→ **Provided data**:
>>>
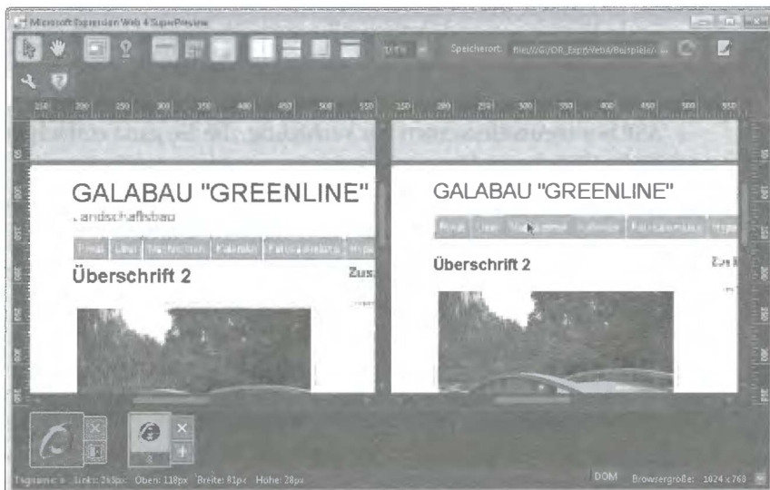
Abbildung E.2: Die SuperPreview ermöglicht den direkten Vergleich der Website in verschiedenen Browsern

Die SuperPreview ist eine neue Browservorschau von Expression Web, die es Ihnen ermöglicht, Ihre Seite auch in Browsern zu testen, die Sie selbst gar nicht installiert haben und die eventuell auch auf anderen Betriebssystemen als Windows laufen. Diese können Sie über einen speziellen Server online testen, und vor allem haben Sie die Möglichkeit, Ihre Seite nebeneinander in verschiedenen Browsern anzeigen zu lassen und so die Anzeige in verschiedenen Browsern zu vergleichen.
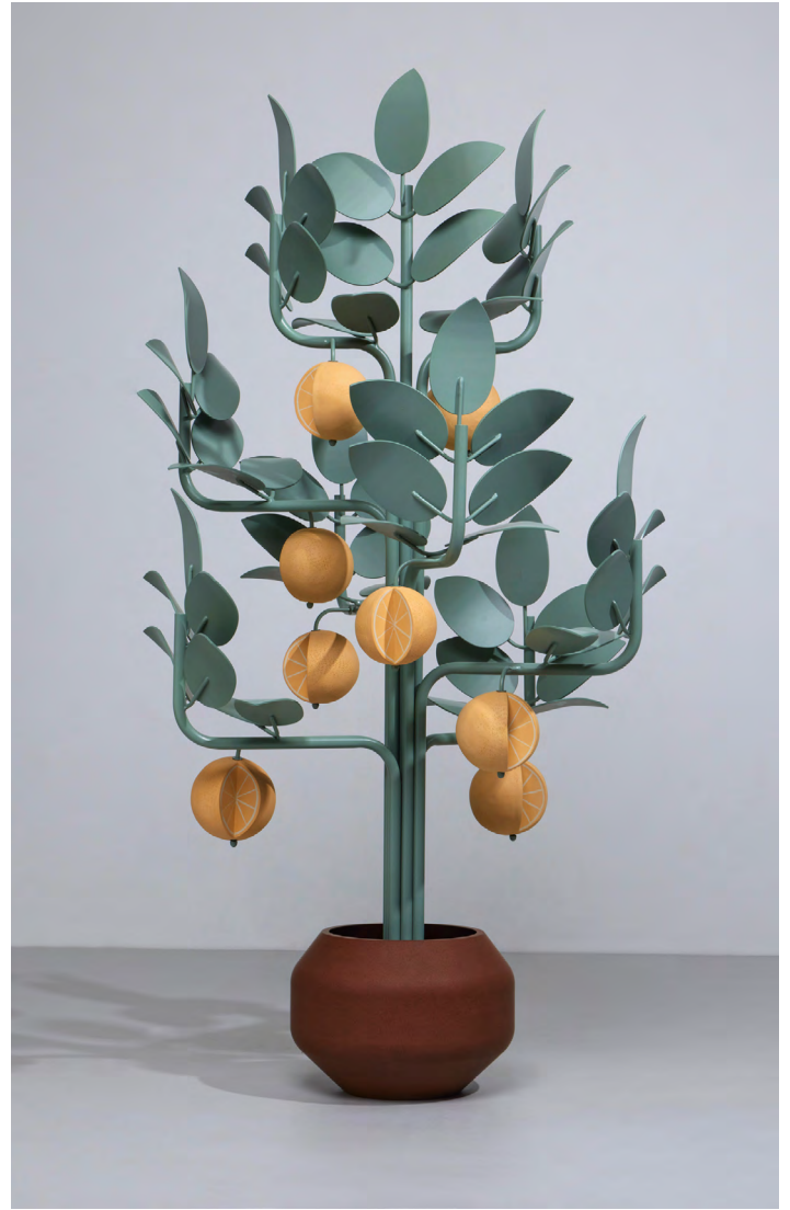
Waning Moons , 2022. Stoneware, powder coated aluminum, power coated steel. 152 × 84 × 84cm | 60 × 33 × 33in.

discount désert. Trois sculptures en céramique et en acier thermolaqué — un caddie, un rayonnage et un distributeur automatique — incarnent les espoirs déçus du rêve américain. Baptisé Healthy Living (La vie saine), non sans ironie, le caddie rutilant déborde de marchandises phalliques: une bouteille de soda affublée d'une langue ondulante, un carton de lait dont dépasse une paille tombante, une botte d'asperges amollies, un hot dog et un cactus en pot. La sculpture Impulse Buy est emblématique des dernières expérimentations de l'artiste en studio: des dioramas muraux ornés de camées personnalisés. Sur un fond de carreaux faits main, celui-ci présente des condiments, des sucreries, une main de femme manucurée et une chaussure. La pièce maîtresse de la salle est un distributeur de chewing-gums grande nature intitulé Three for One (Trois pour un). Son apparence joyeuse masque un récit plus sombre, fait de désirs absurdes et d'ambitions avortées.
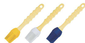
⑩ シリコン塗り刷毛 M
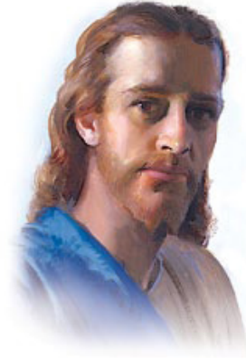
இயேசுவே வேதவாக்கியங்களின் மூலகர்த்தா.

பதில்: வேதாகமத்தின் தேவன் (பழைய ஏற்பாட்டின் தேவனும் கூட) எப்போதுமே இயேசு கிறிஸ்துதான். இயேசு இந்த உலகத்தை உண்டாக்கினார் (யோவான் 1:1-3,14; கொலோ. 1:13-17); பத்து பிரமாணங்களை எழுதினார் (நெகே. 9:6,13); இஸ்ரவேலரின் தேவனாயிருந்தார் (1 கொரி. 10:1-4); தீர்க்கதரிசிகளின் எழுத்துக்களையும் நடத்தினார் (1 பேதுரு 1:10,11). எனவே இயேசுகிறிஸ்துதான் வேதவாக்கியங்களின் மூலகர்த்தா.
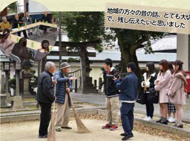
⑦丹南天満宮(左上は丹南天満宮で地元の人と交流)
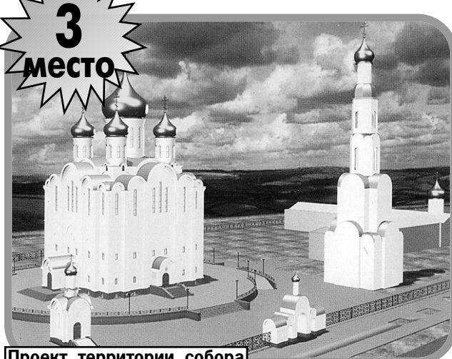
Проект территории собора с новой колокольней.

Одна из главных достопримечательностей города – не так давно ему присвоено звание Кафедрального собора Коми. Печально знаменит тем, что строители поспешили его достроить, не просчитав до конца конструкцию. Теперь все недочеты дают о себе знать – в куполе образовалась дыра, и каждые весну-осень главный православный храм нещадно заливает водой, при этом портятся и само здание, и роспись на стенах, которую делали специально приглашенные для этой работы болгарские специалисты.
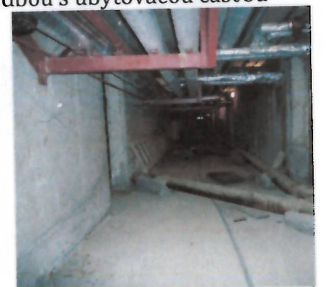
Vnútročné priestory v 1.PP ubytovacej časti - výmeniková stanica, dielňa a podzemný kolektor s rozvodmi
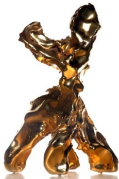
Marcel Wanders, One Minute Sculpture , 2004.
<<<
→ **What to work on**: Return only the lines running from the start of the entries above to the line that contains "Waning Moons , 2022.", inclusive, and omit every picture.

→ **Answer section**:
Abbildung E.2: Die SuperPreview ermöglicht den direkten Vergleich der Website in verschiedenen Browsern

Die SuperPreview ist eine neue Browservorschau von Expression Web, die es Ihnen ermöglicht, Ihre Seite auch in Browsern zu testen, die Sie selbst gar nicht installiert haben und die eventuell auch auf anderen Betriebssystemen als Windows laufen. Diese können Sie über einen speziellen Server online testen, und vor allem haben Sie die Möglichkeit, Ihre Seite nebeneinander in verschiedenen Browsern anzeigen zu lassen und so die Anzeige in verschiedenen Browsern zu vergleichen.
Waning Moons , 2022. Stoneware, powder coated aluminum, power coated steel. 152 × 84 × 84cm | 60 × 33 × 33in.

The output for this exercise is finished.